Taste of Siargao Depths

On the dot, DM Damien was already at the spot with the white speed boat all ready for the trip. We earlier agreed for Daku Island exploration, just near and considered a local dive site. I was longing for the Blue Cathedral but Palaka Dive Center recommended for a nearer spot, currently the newly opened dive center is in its process of familiarizing the islands waters. It didn’t dampen our spirits though and suspend my excitement for the cavern in Cloud 9. The afternoon mild sun was perfect as we speed off to nearby Daku, the soft sea breeze gave us a relaxing mode for the dives. DM Damien was more of a dive instructor as we did the preliminaries, not only professional but very detailed – review of hand signals, explanation of equipments, pre-dive safety check and more detailed briefing. And I had a synchronized back-roll entry with Angel, as DM Damien instructed.

Banded sea snake!
Juvenile banded sea snake! Can you see it?

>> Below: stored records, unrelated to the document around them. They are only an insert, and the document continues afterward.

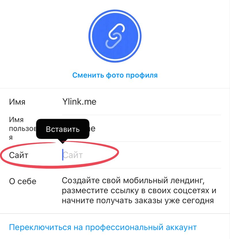 создать ссылку на профиль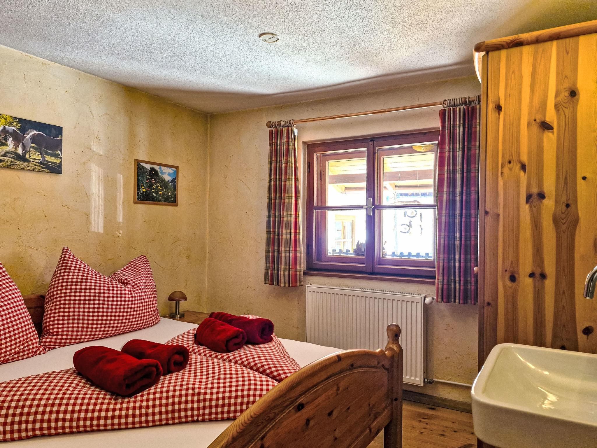 "Haflingerhof Almrose", 4-room apartment 60 m2, on the ground floor, south facing position. Rustic and wooden furniture furnishings: living room with open-hearth fireplace and satellite TV (flat screen). 1 double bedroom with hand-basin. 1 double bedroom. Kitchen-/living room (oven, dishwasher, 4 ceramic glass hob hotplates, toaster, kettle, microwave, electric coffee machine) with dining nook. Shower, sep. WC. Heating. Patio. Terrace furniture. Facilities: hair dryer. Internet (WiFi, free). Please note: non-smokers only. Maximum 1 pet/ dog allowed.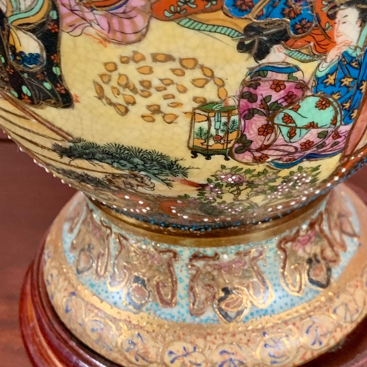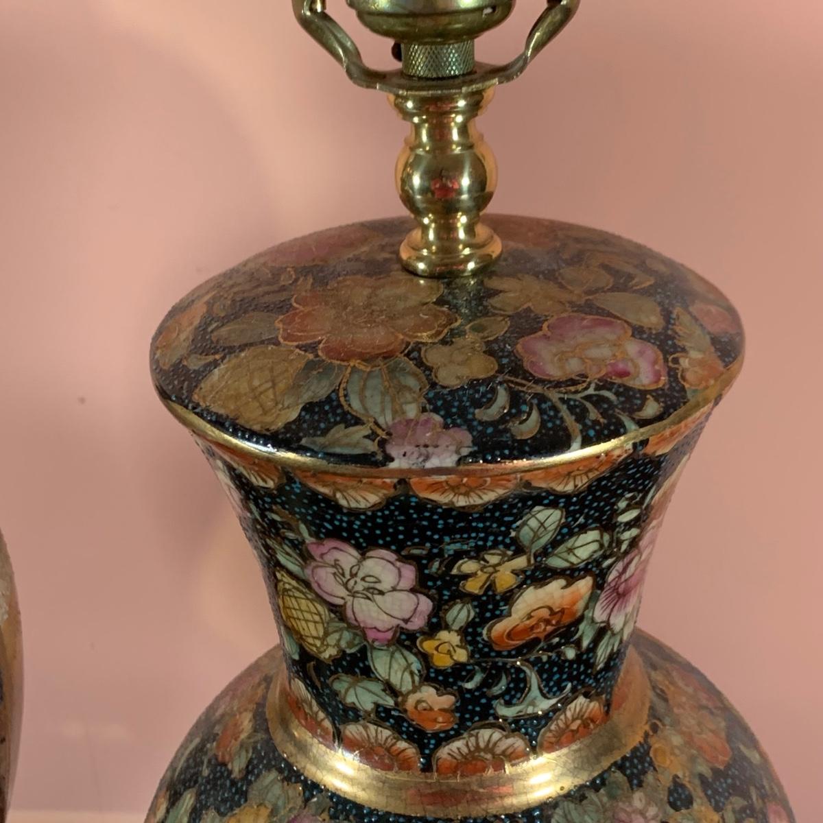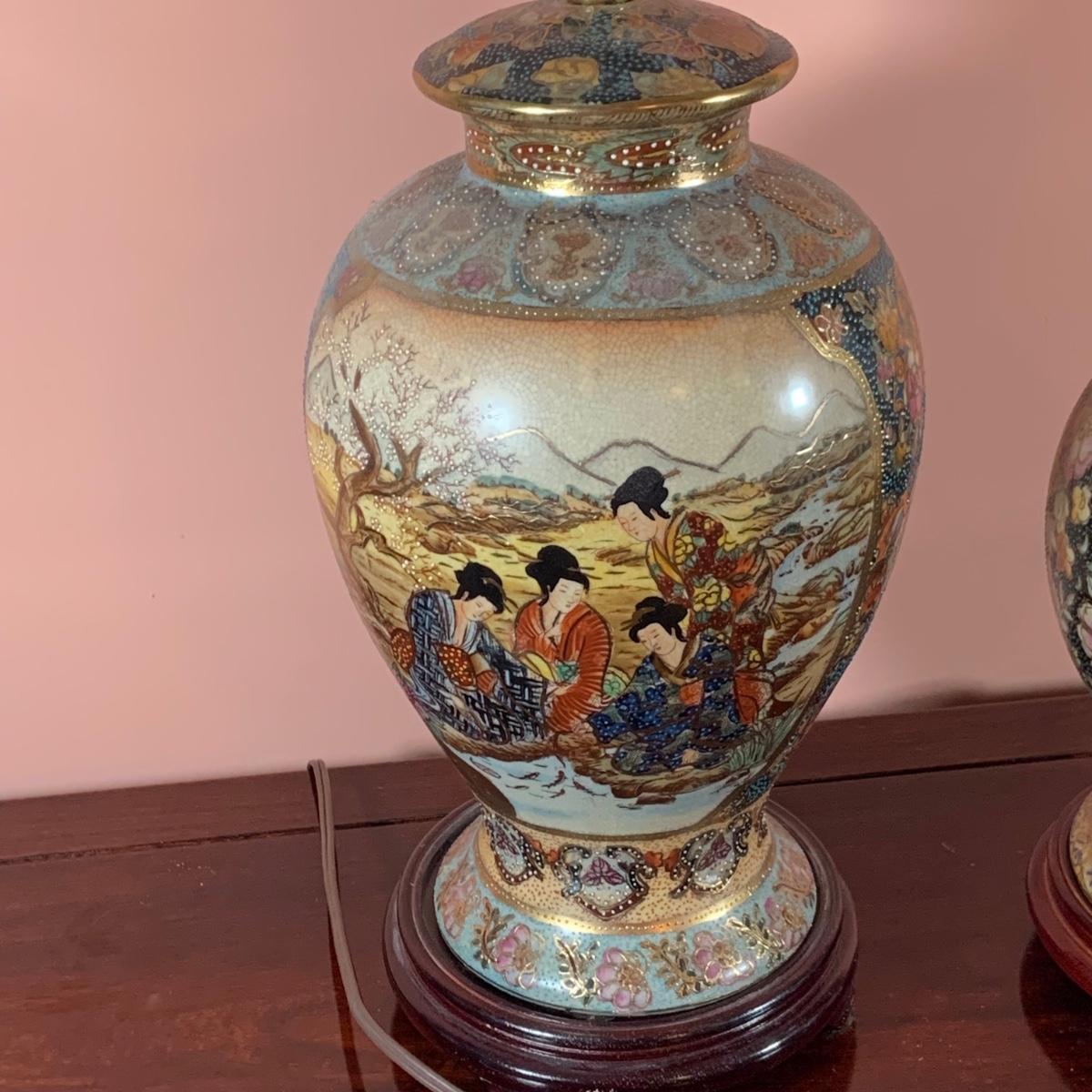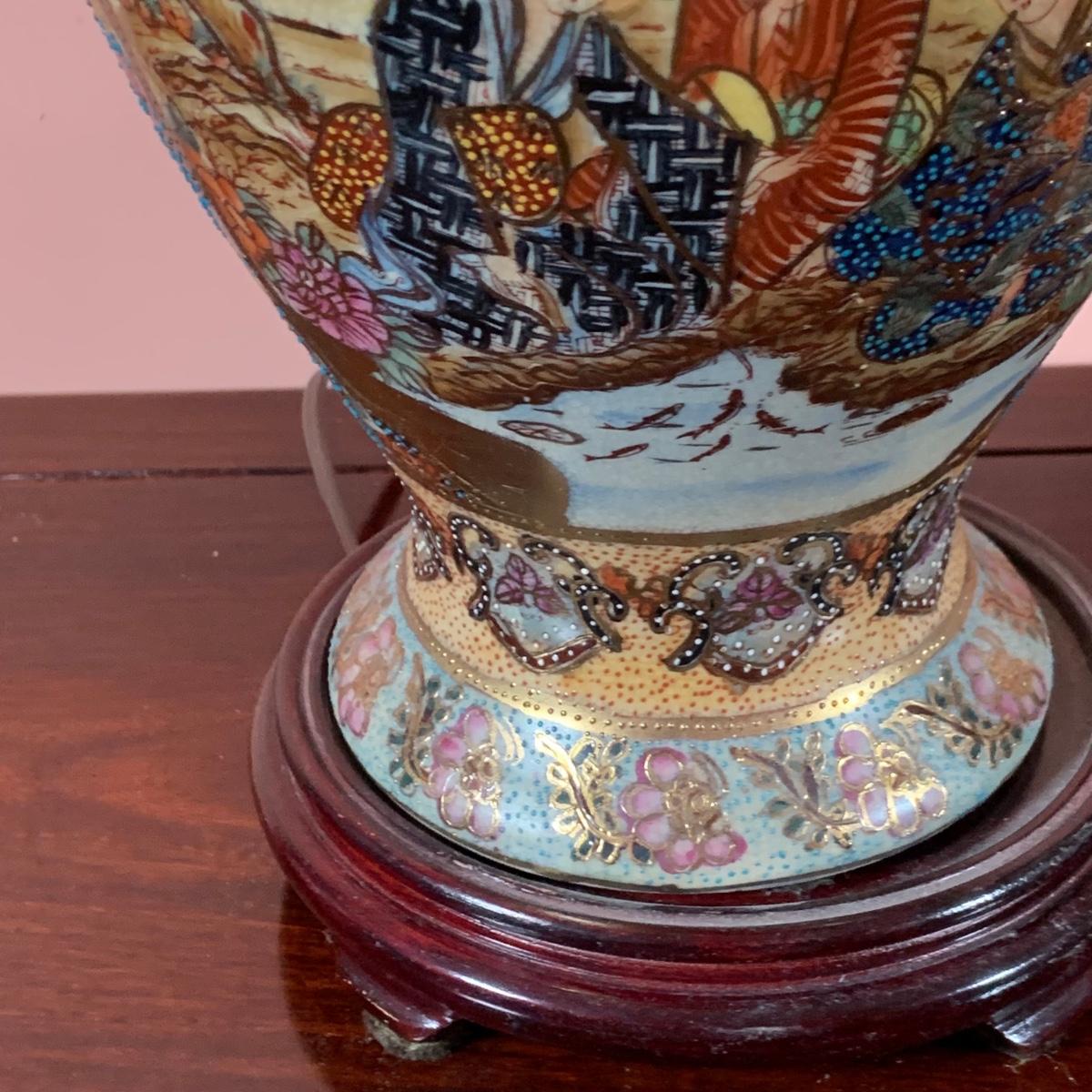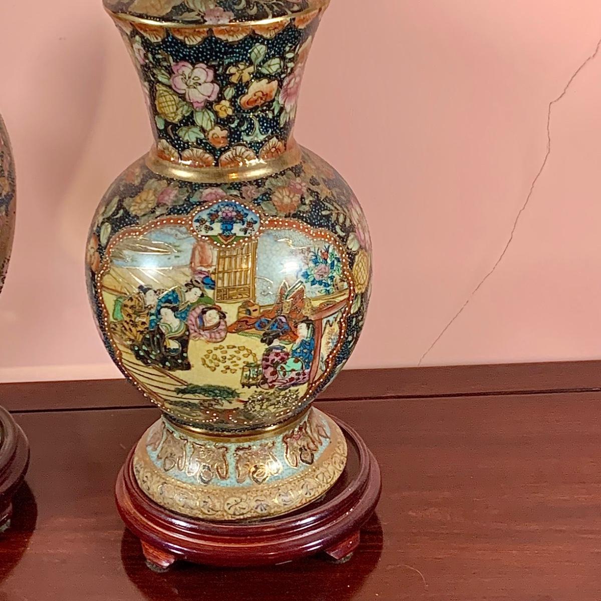 LOT:126: Set of 2 Japanses Satsuma Style Porcelain Table Lamps on Wood Bases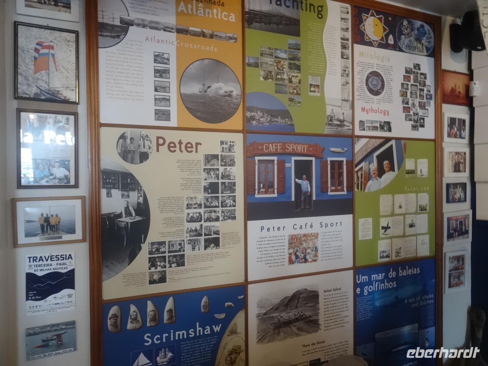 In unserem Hotel in Horta -gegenüber dem Hafen- bezogen wir die Zimmer. Danach begaben wir uns in das berühmte Restaurant" Peters Cafe Sport". Hier genossen wir das Abendessen in einer besonderen Atmosphäre. Es ist eine Institution für Weltenbummler und Segler und heute Abend war es eine für die Reisegäste von Eberhardt Travel.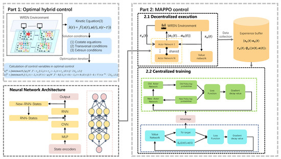 Part 1 presents the derivation flowchart for optimal hybrid control systems. Part 2 illustrates the hierarchical control architecture of the MAPPO framework, specifically highlighting two decentralized executions with centralized training modules (2.1 and 2.2) responsible for agent-level decision-making under decentralized constraints. Notably, the model’s neural network architecture is depicted in the lower left corner (Remark 5), detailing the distributed policy and value function approximation modules critical for decentralized execution with centralized training.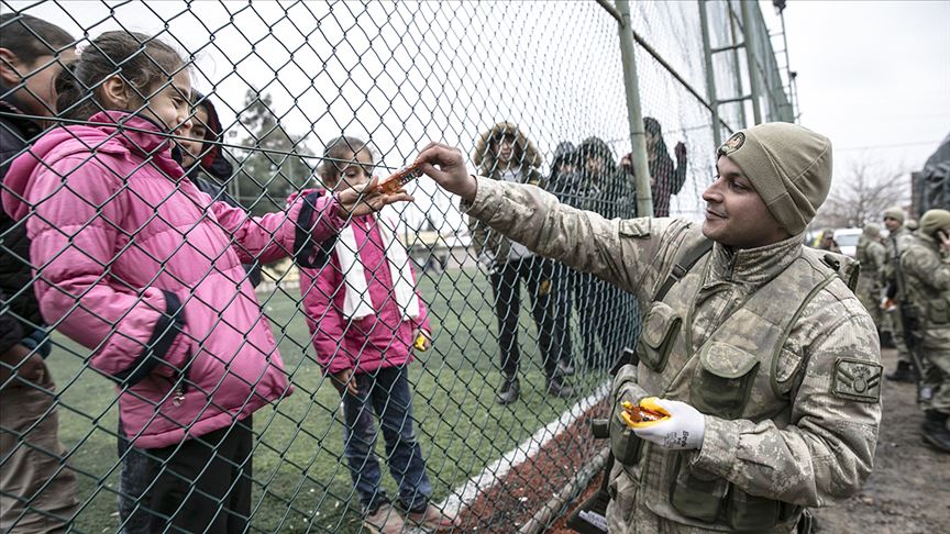 Çocukların sevgisine duyarsız kalmayan Mehmetçik de kendilerini selamlayan çocuklarla hatıra fotoğrafı çektirip çikolata dağıtıyor.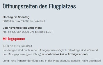 Beachtet: Mittags 12:00 Uhr bis 13:30 Uhr Ortszeit sind nur Landungen aber keine Abflüge gestattet!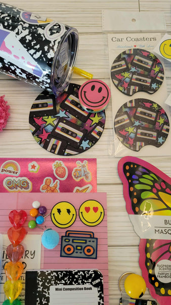 Our 80's & 90's Bookish Bundle is the perfect way to celebrate Nostalgia! This bundle is carefully crafted with amazing items that fit in with your favorite memories roller skating and holding hands with your crush! This bundle is PACKED with useful pieces to keep track of your current books, or just to doodle on and remember the good life as a kid! Just remember to be in the house before the street lights turn on!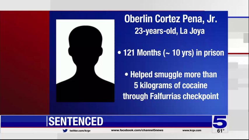 Peña admitted to helping smuggle more than five kilograms of cocaine through the Falfurrias checkpoint on two separate occasions, the news release from the U.S. Attorney General’s Office stated.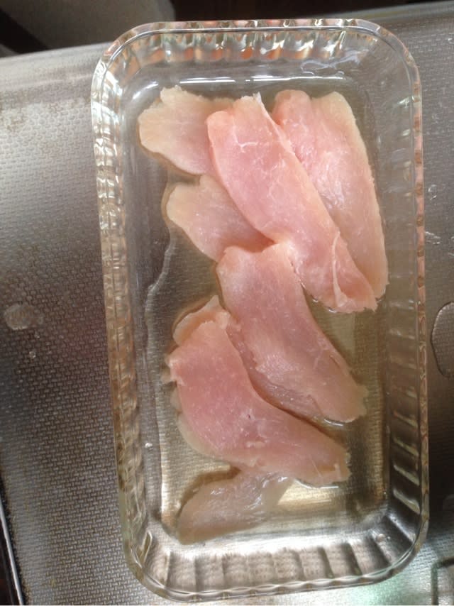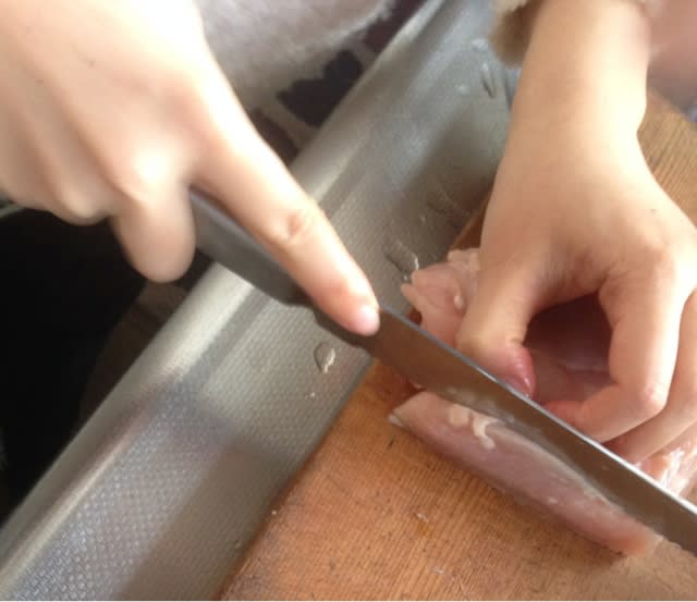 冷凍して切りやすくしたうめどりの胸肉を3~4ミリ厚さに切ります。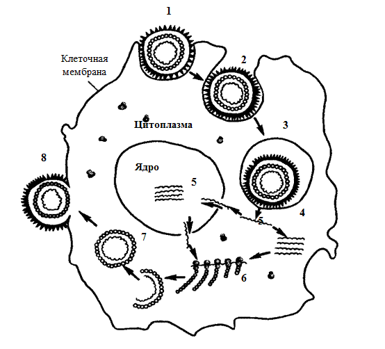 3 – вирус внутри вакуоли клетки; 4 – «раздевание вириона вируса; 5 – репликация вирусной нуклеиновой кислоты; 6 – синтез вирусных белков на рибосомах клетки; 7 – формирование вириона; 8 – выход вириона из клетки путем почкования. (Микробиология и иммунология Под редакцией Воробьева А.А. – М. – 1999).

Obviously, I got more conscious underwater and behave like I was having my open water lessons, DM Damien was so precise before the descent. We went down together on a slope alternately decorated with corals, taking our time as we went around. We found banded sea snakes, puffer fish, nudis, moray eel and juvenile tropical fishes silently hovering over corals. We passed few specie of groupers, triggerfish, goat fish and sand perch as we move on until we ascend after 50 minutes.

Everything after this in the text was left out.